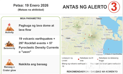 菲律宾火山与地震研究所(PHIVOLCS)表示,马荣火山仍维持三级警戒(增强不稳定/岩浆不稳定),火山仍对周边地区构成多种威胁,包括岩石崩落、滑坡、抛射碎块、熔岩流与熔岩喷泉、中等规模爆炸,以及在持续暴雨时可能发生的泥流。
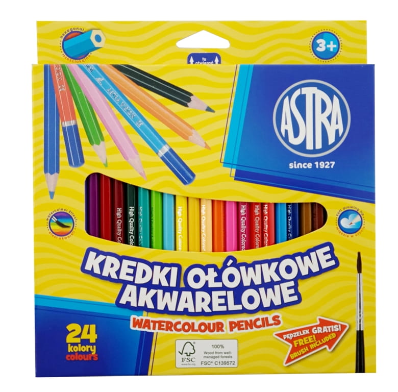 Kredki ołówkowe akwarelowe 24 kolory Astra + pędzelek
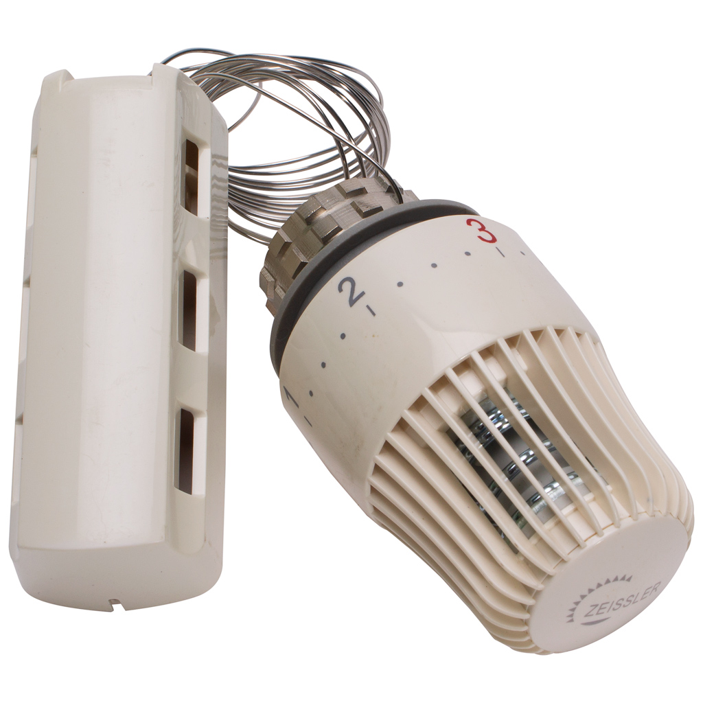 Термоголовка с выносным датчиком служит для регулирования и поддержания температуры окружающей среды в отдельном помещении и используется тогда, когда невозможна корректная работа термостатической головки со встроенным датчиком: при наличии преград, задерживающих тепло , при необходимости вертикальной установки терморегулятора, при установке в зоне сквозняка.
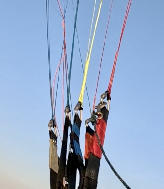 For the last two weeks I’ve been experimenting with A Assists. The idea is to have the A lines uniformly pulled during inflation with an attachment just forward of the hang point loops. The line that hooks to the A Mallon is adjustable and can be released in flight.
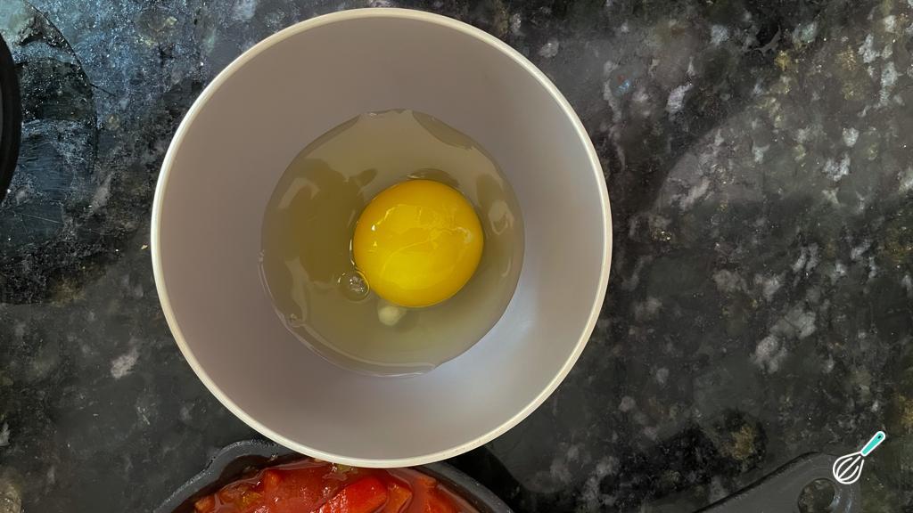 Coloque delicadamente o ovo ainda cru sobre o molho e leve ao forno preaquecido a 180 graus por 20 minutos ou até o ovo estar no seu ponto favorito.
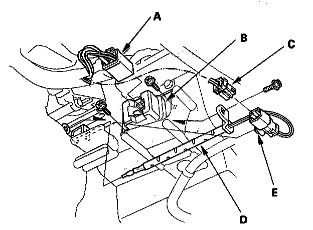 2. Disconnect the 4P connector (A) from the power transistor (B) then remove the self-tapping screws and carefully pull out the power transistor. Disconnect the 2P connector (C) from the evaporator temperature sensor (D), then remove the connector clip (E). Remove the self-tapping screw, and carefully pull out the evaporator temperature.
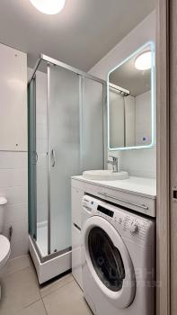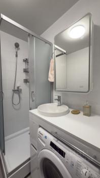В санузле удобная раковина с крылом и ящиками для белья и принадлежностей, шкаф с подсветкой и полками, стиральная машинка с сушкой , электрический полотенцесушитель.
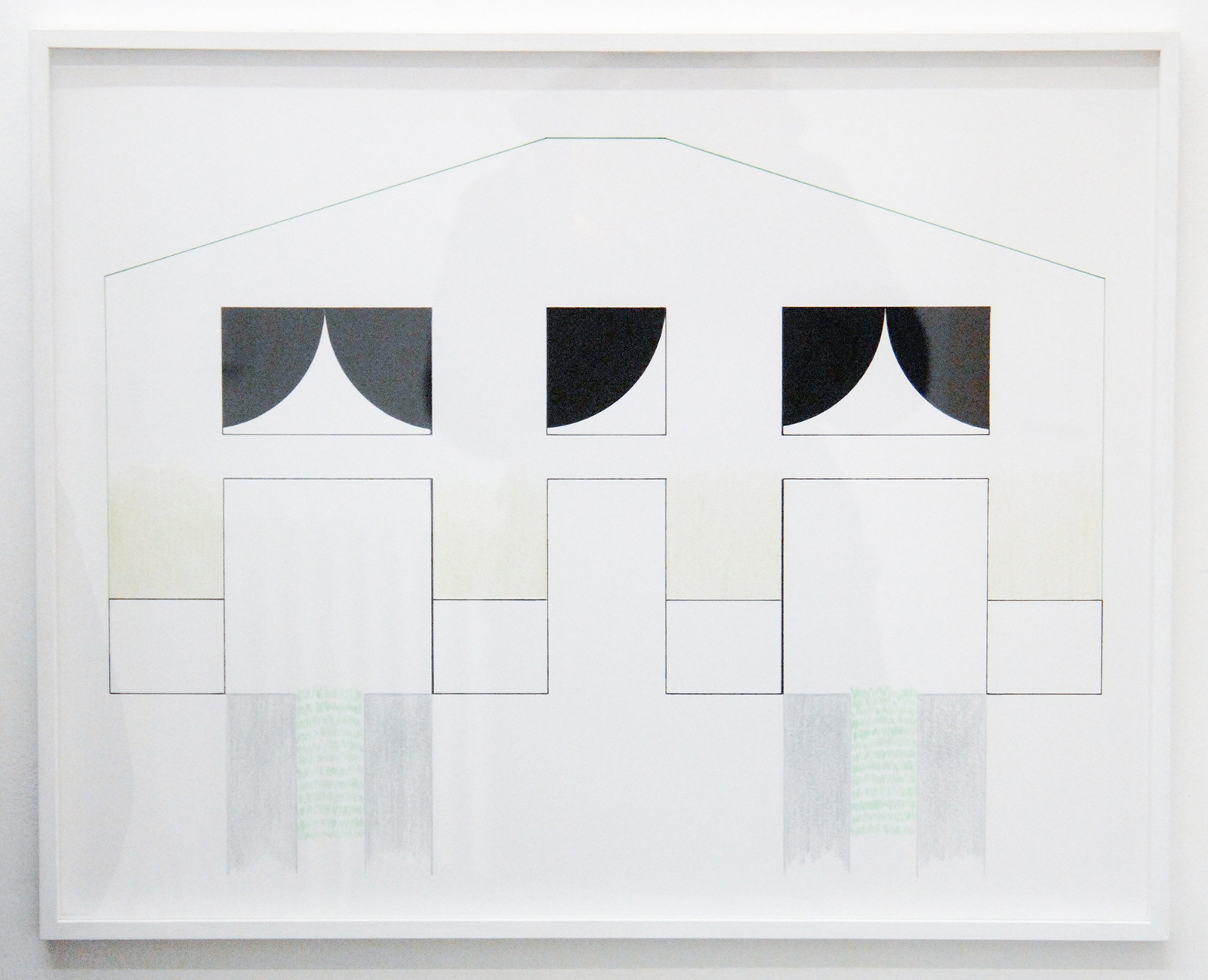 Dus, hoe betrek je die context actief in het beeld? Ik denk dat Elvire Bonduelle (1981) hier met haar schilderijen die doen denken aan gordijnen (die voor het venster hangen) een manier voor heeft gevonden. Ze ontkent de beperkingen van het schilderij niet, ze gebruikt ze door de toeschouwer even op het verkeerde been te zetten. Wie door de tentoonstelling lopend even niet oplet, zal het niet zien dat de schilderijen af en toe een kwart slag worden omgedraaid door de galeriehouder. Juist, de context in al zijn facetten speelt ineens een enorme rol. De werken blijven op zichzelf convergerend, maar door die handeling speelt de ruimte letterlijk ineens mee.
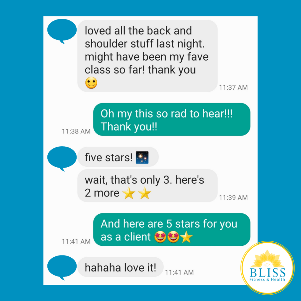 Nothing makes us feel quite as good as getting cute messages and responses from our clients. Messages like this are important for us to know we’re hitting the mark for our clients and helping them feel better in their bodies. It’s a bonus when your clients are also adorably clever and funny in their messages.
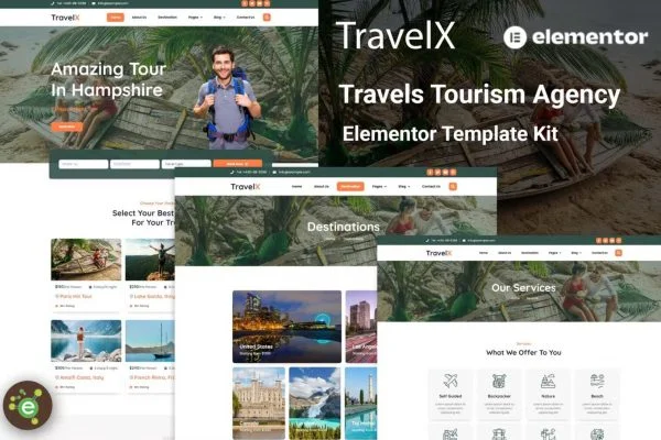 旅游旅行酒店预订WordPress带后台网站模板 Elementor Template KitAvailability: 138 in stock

* **Assignment**:
The material is to be written out word for word, and the pictures are to be left out.

* **Response**:
 菲律宾火山与地震研究所(PHIVOLCS)表示,马荣火山仍维持三级警戒(增强不稳定/岩浆不稳定),火山仍对周边地区构成多种威胁,包括岩石崩落、滑坡、抛射碎块、熔岩流与熔岩喷泉、中等规模爆炸,以及在持续暴雨时可能发生的泥流。
 Kredki ołówkowe akwarelowe 24 kolory Astra + pędzelek
 Термоголовка с выносным датчиком служит для регулирования и поддержания температуры окружающей среды в отдельном помещении и используется тогда, когда невозможна корректная работа термостатической головки со встроенным датчиком: при наличии преград, задерживающих тепло , при необходимости вертикальной установки терморегулятора, при установке в зоне сквозняка.
 For the last two weeks I’ve been experimenting with A Assists. The idea is to have the A lines uniformly pulled during inflation with an attachment just forward of the hang point loops. The line that hooks to the A Mallon is adjustable and can be released in flight.
 Coloque delicadamente o ovo ainda cru sobre o molho e leve ao forno preaquecido a 180 graus por 20 minutos ou até o ovo estar no seu ponto favorito.
 2. Disconnect the 4P connector (A) from the power transistor (B) then remove the self-tapping screws and carefully pull out the power transistor. Disconnect the 2P connector (C) from the evaporator temperature sensor (D), then remove the connector clip (E). Remove the self-tapping screw, and carefully pull out the evaporator temperature.
В санузле удобная раковина с крылом и ящиками для белья и принадлежностей, шкаф с подсветкой и полками, стиральная машинка с сушкой , электрический полотенцесушитель.
 Dus, hoe betrek je die context actief in het beeld? Ik denk dat Elvire Bonduelle (1981) hier met haar schilderijen die doen denken aan gordijnen (die voor het venster hangen) een manier voor heeft gevonden. Ze ontkent de beperkingen van het schilderij niet, ze gebruikt ze door de toeschouwer even op het verkeerde been te zetten. Wie door de tentoonstelling lopend even niet oplet, zal het niet zien dat de schilderijen af en toe een kwart slag worden omgedraaid door de galeriehouder. Juist, de context in al zijn facetten speelt ineens een enorme rol. De werken blijven op zichzelf convergerend, maar door die handeling speelt de ruimte letterlijk ineens mee.
 Nothing makes us feel quite as good as getting cute messages and responses from our clients. Messages like this are important for us to know we’re hitting the mark for our clients and helping them feel better in their bodies. It’s a bonus when your clients are also adorably clever and funny in their messages.
 旅游旅行酒店预订WordPress带后台网站模板 Elementor Template KitAvailability: 138 in stock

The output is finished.